La abogada francesa de TI y datos Alexandra Iteanu emitió una dura advertencia esta semana sobre la proliferación de gafas inteligentes, argumentando que el sistema legal europeo no logra seguir el ritmo. En un artículo de opinión publicado el 7 de agosto de 2026 en la sección de opinión "Le Cercle" de Les Echos, Iteanu afirma que las gafas equipadas con cámara están normalizando rápidamente la vigilancia, convirtiendo la privacidad en una excepción en lugar de un derecho fundamental.

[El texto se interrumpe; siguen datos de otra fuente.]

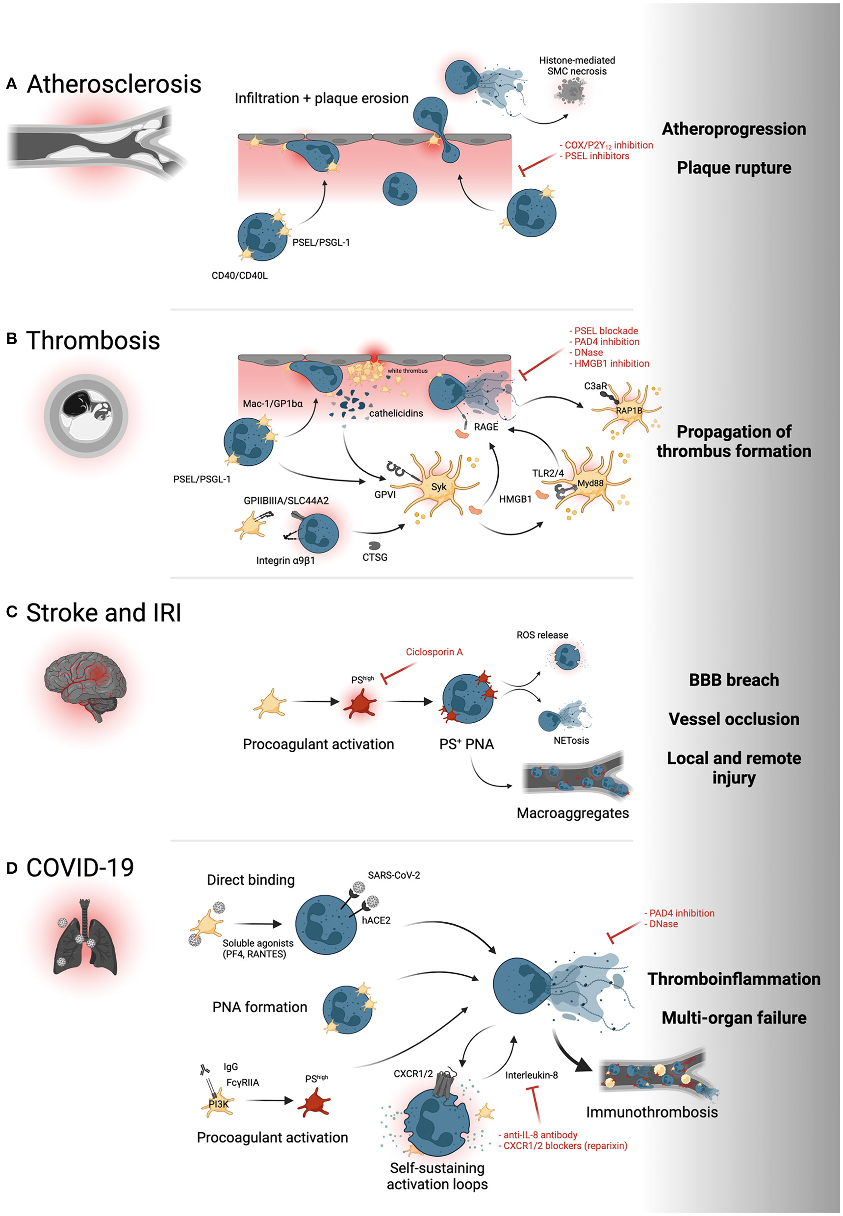 Platelet-neutrophil interactions in cardiovascular disease. (A) PSEL/PSGL-1- and CD40L/CD40-dependent recruitment of neutrophils to the atherosclerotic plaque promotes neutrophil infiltration and subsequent destabilization of the plaque, for instance through histone-mediated cell death of smooth muscle cells (SMC). (B) Both arterial and venous thrombosis are promoted by PNA formation and reciprocal activation of platelets and neutrophils through GPVI/cathelicidin, GPIIBIIIA/SLC44A2, HMGB1/RAGE, HMGB1/TLR and complement/C3aR interactions. Syk, Syk family kinase; RAP1B, Ras-related protein Rap-1b; Myd88, Myeloid differentiation primary response 88. (C) Inflammatory responses in stroke and ischemia-reperfusion injury induce procoagulant platelet activation (red) and formation of phosphatidylserine (PS)+ PNAs that promote neutrophil activation and infiltration and propagate thrombus formation through platelet-neutrophil macroaggregates. (D) Direct binding of SARS-CoV-2 to either platelets or neutrophils, subsequent PNA formation and hyperactivation, IgG-mediated procoagulant platelet activation and IL-8 mediated neutrophil self-stimulation all promote NET formation and systemic thromboinflammation associated with severe COVID-19. PI3K, Phosphoinositide 3-kinase; CXCR1/2, C-X-C motif chemokine receptor 1/2. Yellow intravascular cells depict proinflammatory monocytes. Created with BioRender.com.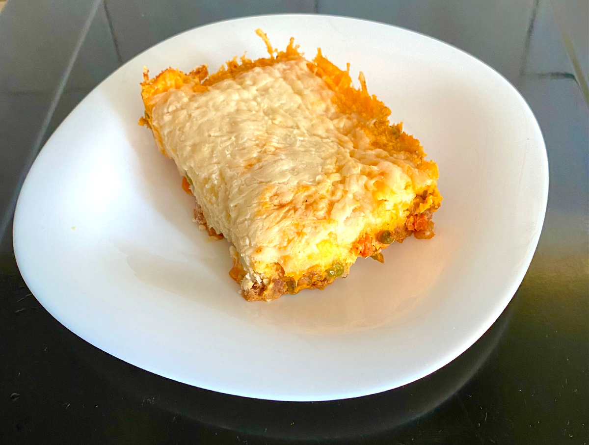 На самом деле пастуший пирог представляет собой картофельную запеканку с мясным фаршем (говядина, баранина) и различными дополнениями: горошек, сельдерей, лук, чеснок, травы, томатный соус. Это блюдо интересно тем, что если дома осталось картофельное пюре после обеда и фарш, то можно быстро сформировать пирог на ужин. Сделать бороздку вилкой сверху и отправить в духовку. Красота и вкусный ужин вас порадует. Сегодня покажу, как готовлю его я. Проверено! Результат понравиться!

El análisis de Iteanu comienza con escenarios cotidianos, desde el metro hasta los cafés públicos. Ella postula que la era de ser grabado sin consentimiento ni advertencia ha llegado. La respuesta común, que los individuos simplemente deberían expresar su objeción a ser filmados, es, en su opinión, un "razonamiento retrógrado". Asume incorrectamente la conciencia de la grabación y traslada la responsabilidad del grabador al grabado, marcando "un paso más en la erosión de los derechos fundamentales", según informa Les Echos.
Europa no carece de salvaguardias legales. Iteanu señala el derecho a la vida privada, los derechos de imagen y la protección de datos personales. El artículo 226-1 del Código Penal francés, por ejemplo, penaliza la grabación no consentida de imágenes en espacios privados, con sanciones significativas. El artículo 9 del Código Civil consagra los derechos de imagen, mientras que la Ley de Servicios Digitales de la UE exige procedimientos de notificación y retirada en línea para las plataformas. Sin embargo, en espacios públicos como calles o el metro, la aplicación de estas leyes se convierte en un "terreno mucho más incierto", señala Iteanu. Si bien existen los fundamentos legales, su implementación está "estancada", con acciones lentas, resultados impredecibles y litigios costosos.
Un precedente crucial, según Iteanu, es el colgante AI "Friend". Este dispositivo de escucha constante suspendió su lanzamiento europeo para lograr el cumplimiento del GDPR (Reglamento (UE) 2016/679) después de la intervención de la autoridad francesa de protección de datos, CNIL. Este caso demuestra que "lo que protegió a las personas allí no fueron sus reflejos... sino el texto de la ley", argumenta en Les Echos, sugiriendo que la privacidad se mantendrá siempre que el sistema legal resista activamente su erosión.
Nuestra opinión: Este análisis es fundamental para la industria de las gafas inteligentes. Cada importante proveedor de gafas con cámara (desde la línea Ray-Ban de Meta y Spectacles de Snap hasta XREAL, Rokid y varios participantes chinos) opera actualmente en Europa. Su narrativa de privacidad estándar a menudo depende de un LED indicador de grabación y cláusulas de términos de uso. El argumento de Iteanu desafía directamente esta suposición de diseño, cuestionando si una luz parpadeante junto con la responsabilidad del usuario constituye una protección de privacidad legal y suficiente.
Qué significa esto: El panorama regulatorio parece moverse en la dirección que describe Iteanu. La retirada del colgante Friend, el interés histórico de CNIL en los wearables siempre activos y la aparición de nuevas gafas con pantallas integradas y 'vision pipelines' continuos, todo indica una próxima ola de restricciones legales, no técnicas. Los proveedores que prioricen una ingeniería de privacidad robusta desde la concepción, en lugar de tratarla como una ocurrencia tardía o un parche, probablemente navegarán el mercado europeo con mayor facilidad.